- **Provided data**:
# # #

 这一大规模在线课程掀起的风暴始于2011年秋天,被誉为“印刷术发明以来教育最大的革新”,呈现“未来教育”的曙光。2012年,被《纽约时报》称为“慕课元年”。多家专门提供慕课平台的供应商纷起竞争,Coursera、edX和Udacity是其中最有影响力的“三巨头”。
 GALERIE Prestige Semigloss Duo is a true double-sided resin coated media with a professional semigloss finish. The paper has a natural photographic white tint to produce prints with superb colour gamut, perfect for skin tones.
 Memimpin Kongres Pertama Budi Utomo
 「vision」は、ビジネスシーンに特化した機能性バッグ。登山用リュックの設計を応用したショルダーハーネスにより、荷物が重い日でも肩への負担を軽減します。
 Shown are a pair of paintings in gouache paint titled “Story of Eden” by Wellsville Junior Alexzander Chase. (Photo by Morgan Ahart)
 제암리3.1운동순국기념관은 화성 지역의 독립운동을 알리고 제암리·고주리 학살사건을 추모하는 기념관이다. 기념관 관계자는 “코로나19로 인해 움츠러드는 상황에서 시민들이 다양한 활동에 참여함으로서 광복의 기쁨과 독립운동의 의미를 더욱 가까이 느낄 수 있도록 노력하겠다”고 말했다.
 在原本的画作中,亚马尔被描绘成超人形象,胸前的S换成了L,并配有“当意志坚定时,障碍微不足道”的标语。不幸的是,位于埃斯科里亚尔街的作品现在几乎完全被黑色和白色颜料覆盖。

# # #

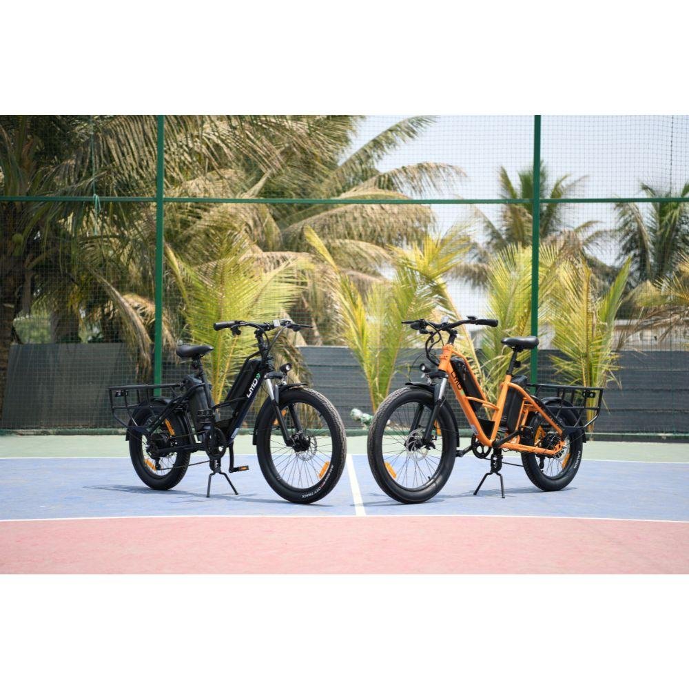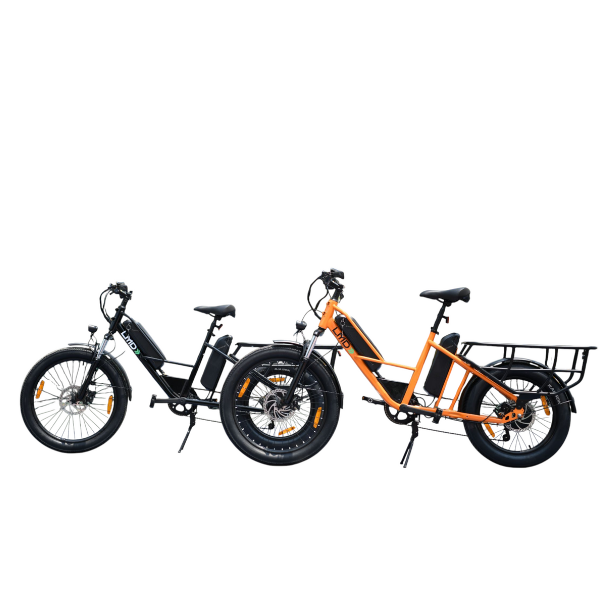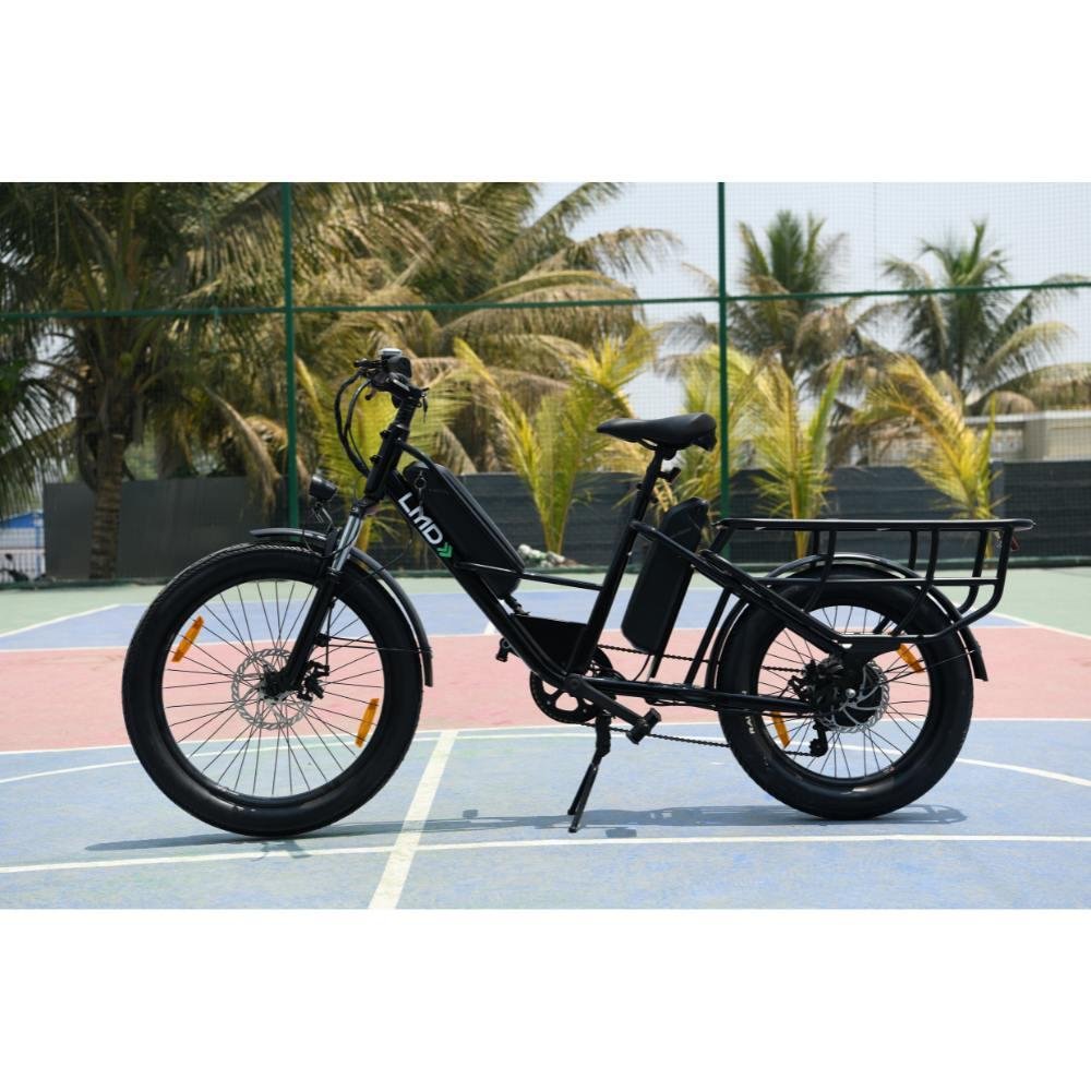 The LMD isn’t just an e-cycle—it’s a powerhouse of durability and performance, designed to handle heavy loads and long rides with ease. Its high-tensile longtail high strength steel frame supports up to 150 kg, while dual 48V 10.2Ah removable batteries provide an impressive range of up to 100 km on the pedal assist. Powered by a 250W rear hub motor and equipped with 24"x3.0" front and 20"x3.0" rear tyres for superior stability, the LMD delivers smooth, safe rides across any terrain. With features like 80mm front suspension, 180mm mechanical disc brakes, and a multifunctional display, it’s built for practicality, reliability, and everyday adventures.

# # #

- **What is being asked**:
Output the lines above exactly, but only those between the line holding "Shown are a" and the line holding "在原本的画作中,亚马尔被描绘", inclusive.

- **Expected answer**:
 Shown are a pair of paintings in gouache paint titled “Story of Eden” by Wellsville Junior Alexzander Chase. (Photo by Morgan Ahart)
 제암리3.1운동순국기념관은 화성 지역의 독립운동을 알리고 제암리·고주리 학살사건을 추모하는 기념관이다. 기념관 관계자는 “코로나19로 인해 움츠러드는 상황에서 시민들이 다양한 활동에 참여함으로서 광복의 기쁨과 독립운동의 의미를 더욱 가까이 느낄 수 있도록 노력하겠다”고 말했다.
 在原本的画作中,亚马尔被描绘成超人形象,胸前的S换成了L,并配有“当意志坚定时,障碍微不足道”的标语。不幸的是,位于埃斯科里亚尔街的作品现在几乎完全被黑色和白色颜料覆盖。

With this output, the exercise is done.